Sometimes I do cry, because I’m just tired of being sick. Everything smells hospital-tinged. Then I feel a pang of guilt for those who have been here longer, for those who suffer. For those who check in and never check out.

I estimate I will be here another five to seven days. It’s not an eternity, even in hospital time.

My release is soon. According to my doctors, I could get out as soon as this week. Here’s what has to happen:

1. My counts have to be good. So far, so good.

2. I have to be able to eat 1,000 calories per day. Right now, I’m still struggling with broth and pudding. Today, perhaps I try some mashed potatoes. Tomorrow, if it’s rainy, I plan up on curling up with Game of Thrones and a Cranky Monkey smoothie.
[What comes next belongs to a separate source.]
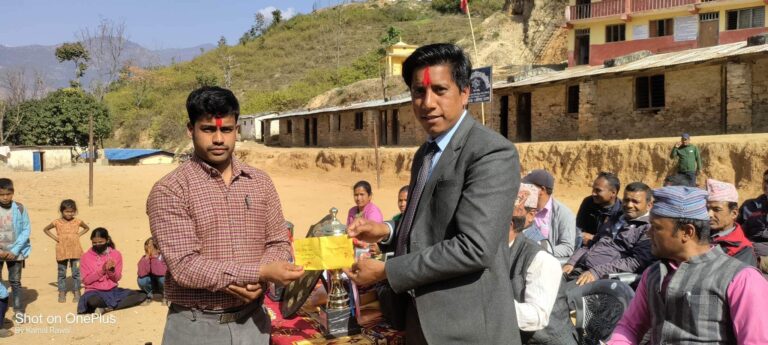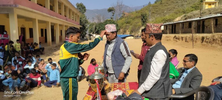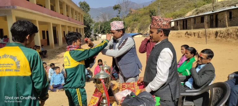 विद्यालयबाट सहभागी ३३ जना खेलाडी र प्रशिक्षकलाई नगरबाट प्राप्त नगद, जिल्ला समन्वय समिती प्रमुख ललित बहादुर कुवर, विद्यालय प्रशासन, वडा नम्बर ८ का अध्यक्ष ज्ञानेन्द्र बहादुर बोहरा, ९ का अध्यक्ष पदम बहादुर बोहरा र अभिभावक राजेन्द्र बहादुर रावलले प्रदान गर्नु भएको नगद रकम हस्तान्तर गरिएको थियो ।

3. I have to get rid of my IV medication. This is good, because I’m not on very much medication at all, considering. I’m no longer receiving morphine, but I still have the pain pump, so the morphine’s under my control. The anti-nausea drugs, Acyclovir, vitamins and other goodies I’ll eventually have to take by mouth, much more doable now that my throat is feeling better.

4. I have to drink a liter of water a day. Pre-transplant, this wasn’t a problem, so let’s see if I can get there again, with my sore esophagus.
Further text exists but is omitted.